Был 2006 год. Чеченская милиция взяла одного из боевиков, который согласился показать, где находится тайник с взрывчаткой. Приехали на заброшенный завод, боевика в целях маскировки, чтобы его не убили свои же, переодели в нашу форму. Он указал место в метрах ста под деревом.
Пошли мы с кинологом, собака села. Я начал щупом зондировать место. Щуп уперся во что-то тяжелое и объемное. Я примерно прикинул габариты тайника, начал аккуратно копать саперной лопаткой. Это заняло у меня минут сорок. Откопал крышку холодильника, ее открыли из укрытия «кошкой». В схроне оказалось очень много начинок для взрывных устройств, запалы, селитра, детонаторы, гранаты. Я в первый раз такое увидел. Потом все это мы вывезли и уничтожили.
— Вы подсчитывали, сколько взрывных устройств обнаружили за время службы?
— Скажем так, двадцать пять раз я принимал участие в подрыве обнаруженных взрывных устройств.
— Потери в роте были?
— Да, погиб наш товарищ, который не был сапером. Мы приехали на почту, чтобы обследовать ее перед каким-то праздником. Наш боец пошел в туалет, никого не предупредил. Туалет был на улице, к нему дорожка, на ней растяжка. Взрыв был чудовищной силы.
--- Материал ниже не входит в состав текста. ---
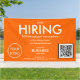 Attract new hires with ease with this fully customisable modern orange NOW HIRING full time and part time positions outdoor banner. Simple update your business logo, website qr code and company contact information.
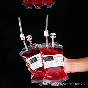 跨境350ml血袋双管饮料袋能量包吸血鬼日记万圣节血袋通用款
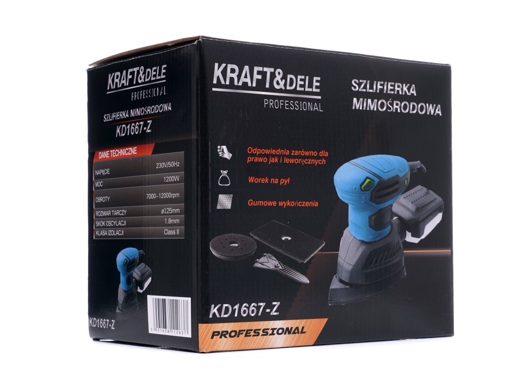 Excentrická bruska 1200 W KD1667-Z od české značky Kraft&Dele umožňuje mimo jiné broušení a leštění povrchů. Je určená pro práci se dřevem, kovem, omítkou i plasty.

— Демобилизовались вы прямо из Чечни?
— Да, 24 декабря 2007 года.
— Помните свои ощущения на гражданке? Вы же, получается, два раза это испытывали — после Чечни и СВО.
— Вернувшись из Чечни, а я почти три года не был дома, долго привыкал к людям в гражданской одежде. Непривычным казалось ощущение свободы, когда ты можешь сидеть без дела, сходить куда-нибудь без разрешения, надеть любую одежду. Месяца два-три я приходил в себя, потом устроился в ГАИ. Прослужил там пять лет, а затем мне предложили должность инженера по безопасности дорожного движения в «Югорскремстройгазе», потом устроился в «Газпром трансгаз Югорск».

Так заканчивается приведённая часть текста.